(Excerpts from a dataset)

···

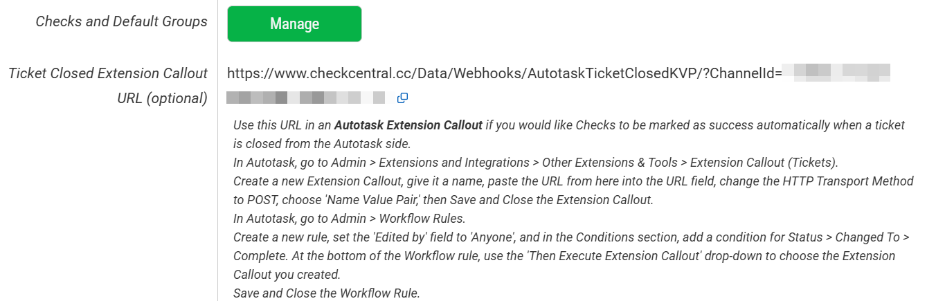 In CheckCentral, you can view the URL you'll need, plus the instructions on how to configure Autotask, at the bottom of the configuration dialog for the Autotask ticketing channel:
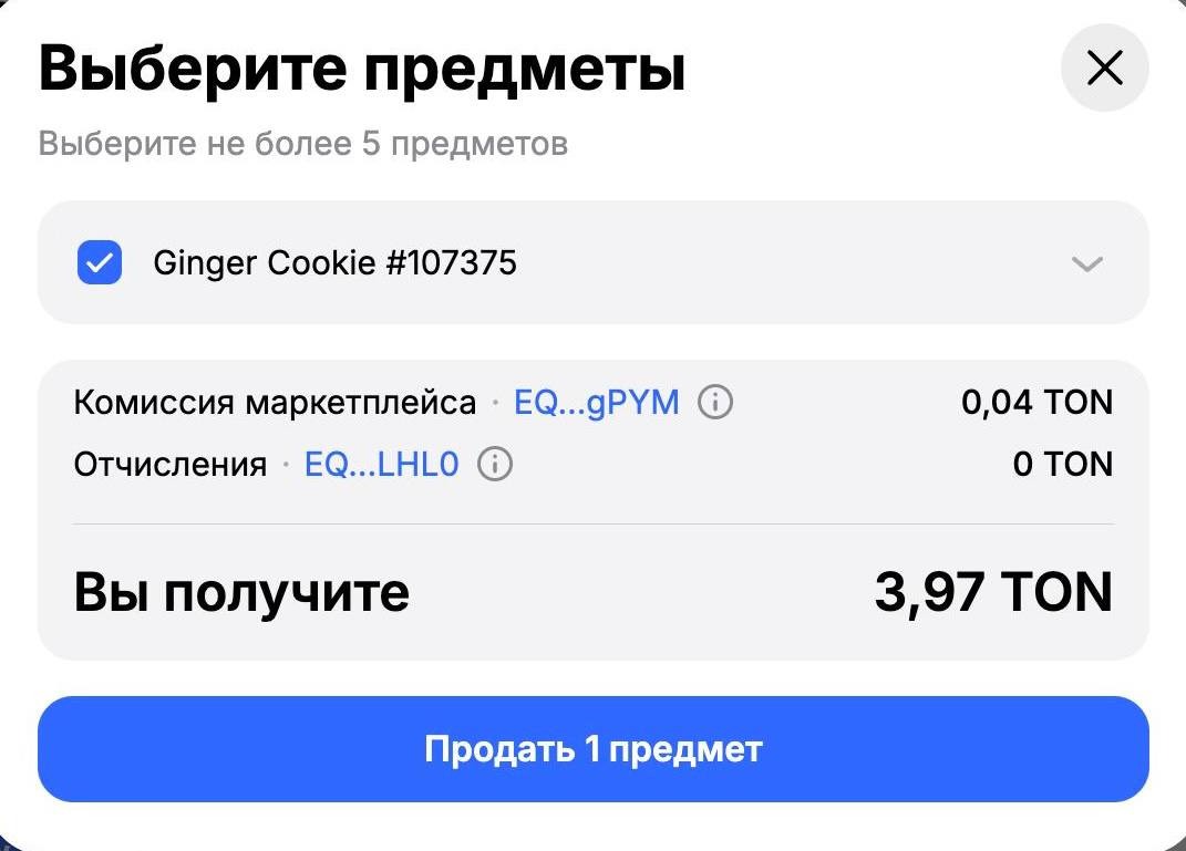 2. Выбрать количество предметов, которые хотите продать;
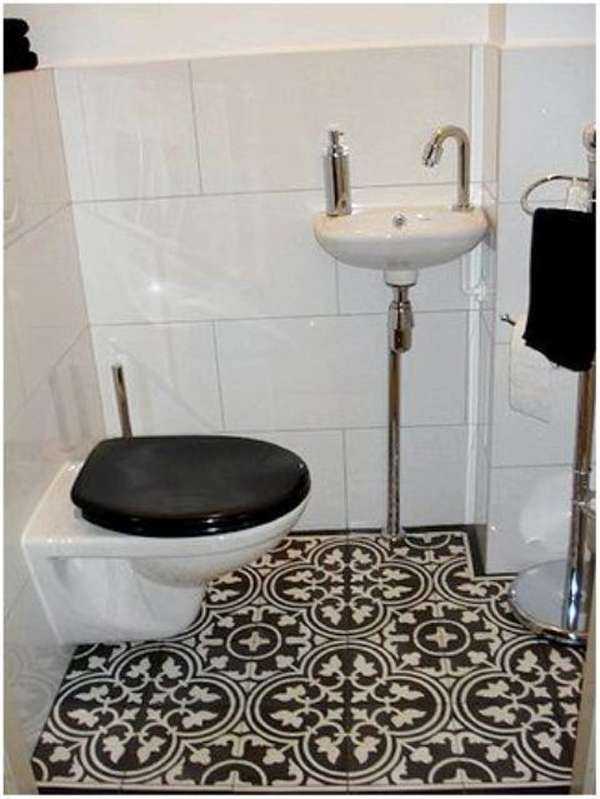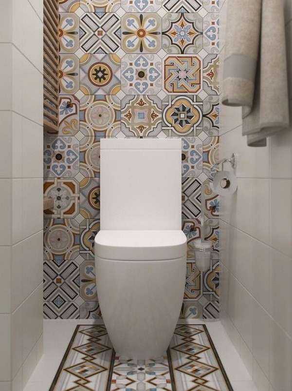Дизайнеры не советуют использовать мелкие узоры для напольного покрытия, ведь это создает не сильно приятное ощущение, будет казаться, что пол немного неровный или чем-то испачкан. Такой узор может не только огорчить хозяина жилья, но и испортить весь дизайн туалета. Большие изображения на стенах будут неуютно себя чувствовать в маленьком туалете – из-за ограниченного пространства нет возможности отойти на должное расстояние для того, чтобы тщательно рассмотреть фото или рисунок, что негативно скажется на общем восприятии.
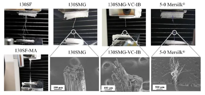 圖3結(jié)果顯示,130SF和130SF-MA截面松散,說明內(nèi)部纖維是一根一根斷裂。130MG和130MG-VC-IB緊密結(jié)合,區(qū)域內(nèi)所有纖維均勻分擔(dān)斷裂力,使斷裂截面整齊均勻,斷裂強(qiáng)力更大。5-0蠶絲編織線,內(nèi)部纖維應(yīng)力相似,斷裂截面整齊均勻,但縫線輪廓內(nèi)部是松散的。
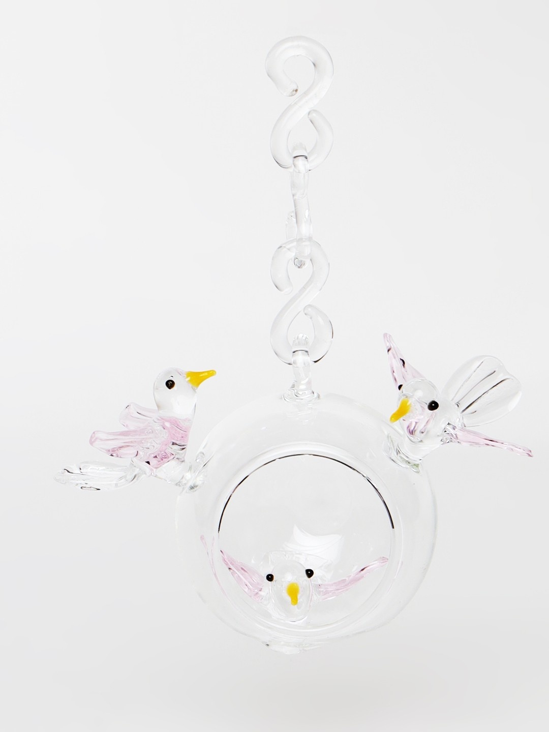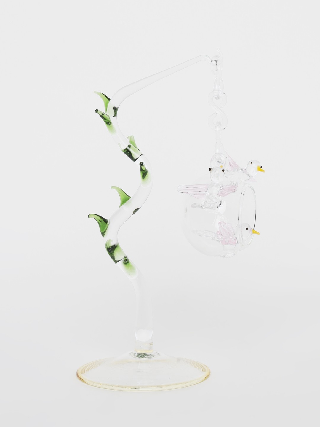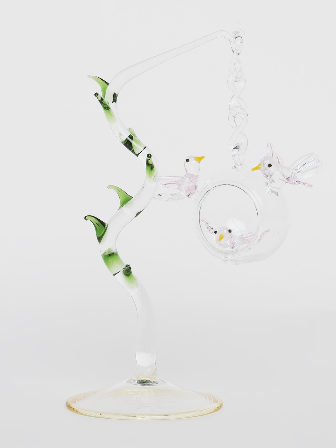 Design: Hanging bird inside glass globe with artistic stand
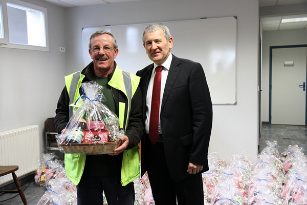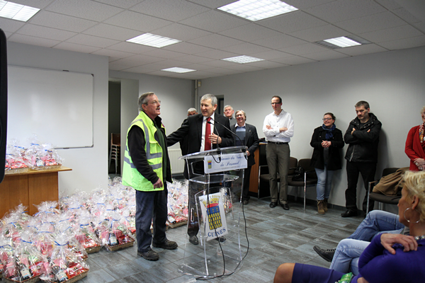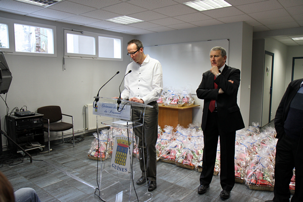 Après que le Maire ait fait part de ses bons voeux à l'ensemble du personnel, chaque agent s’est vu offrir un panier garni.
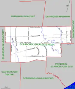 Scarborough—Rouge River was a federal electoral district in Ontario, Canada, that has been represented in the House of Commons of Canada between 1988 and 2015. However, as of the Fall 2015 federal election, part of this riding has been combined with the south-western part of the old riding Pickering—Scarborough East.
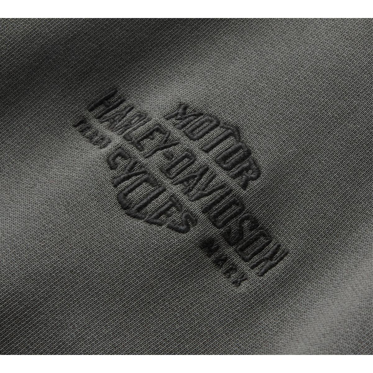 Reimagine timeless style and lasting comfort in the Harley-Davidson Originals Standard Issue Sweatshirt. This men’s pullover hoodie is built from a 510-gram cut of cotton French terry for exceptional durability that’s breathable and resists pilling. Its relaxed-fit silhouette is pigment dyed for a distinctive, well-worn look and feel. It features a double-layered overlap hood, a generous kangaroo pocket, and rib-knit trim to help keep its shape. Finished with exclusive H-D® Originals graphics in satin stitch embroidery that are inspired by our earliest Bar & Shield (circa 1910).
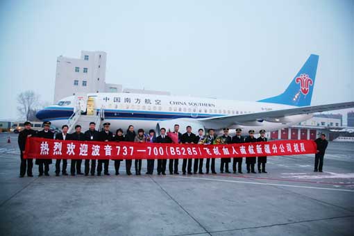 2月13日19时35分,一架机号为B5285的全新波音737-700型飞机由美国西雅图经广州飞抵乌鲁木齐国际机场,加盟南航新疆分公司波音737机队。据悉,这是南航新疆分公司继昨日新到一架E190客机后,今年接收的第2架全新客机。

···

Give back exactly the lines above from the one with "Дизайнеры не советуют" through the one with "Scarborough—Rouge River was", both included. Pictures don't belong in the copy.

**Exercise output:**
Дизайнеры не советуют использовать мелкие узоры для напольного покрытия, ведь это создает не сильно приятное ощущение, будет казаться, что пол немного неровный или чем-то испачкан. Такой узор может не только огорчить хозяина жилья, но и испортить весь дизайн туалета. Большие изображения на стенах будут неуютно себя чувствовать в маленьком туалете – из-за ограниченного пространства нет возможности отойти на должное расстояние для того, чтобы тщательно рассмотреть фото или рисунок, что негативно скажется на общем восприятии.
 圖3結(jié)果顯示,130SF和130SF-MA截面松散,說明內(nèi)部纖維是一根一根斷裂。130MG和130MG-VC-IB緊密結(jié)合,區(qū)域內(nèi)所有纖維均勻分擔(dān)斷裂力,使斷裂截面整齊均勻,斷裂強(qiáng)力更大。5-0蠶絲編織線,內(nèi)部纖維應(yīng)力相似,斷裂截面整齊均勻,但縫線輪廓內(nèi)部是松散的。
 Design: Hanging bird inside glass globe with artistic stand
 Après que le Maire ait fait part de ses bons voeux à l'ensemble du personnel, chaque agent s’est vu offrir un panier garni.
 Scarborough—Rouge River was a federal electoral district in Ontario, Canada, that has been represented in the House of Commons of Canada between 1988 and 2015. However, as of the Fall 2015 federal election, part of this riding has been combined with the south-western part of the old riding Pickering—Scarborough East.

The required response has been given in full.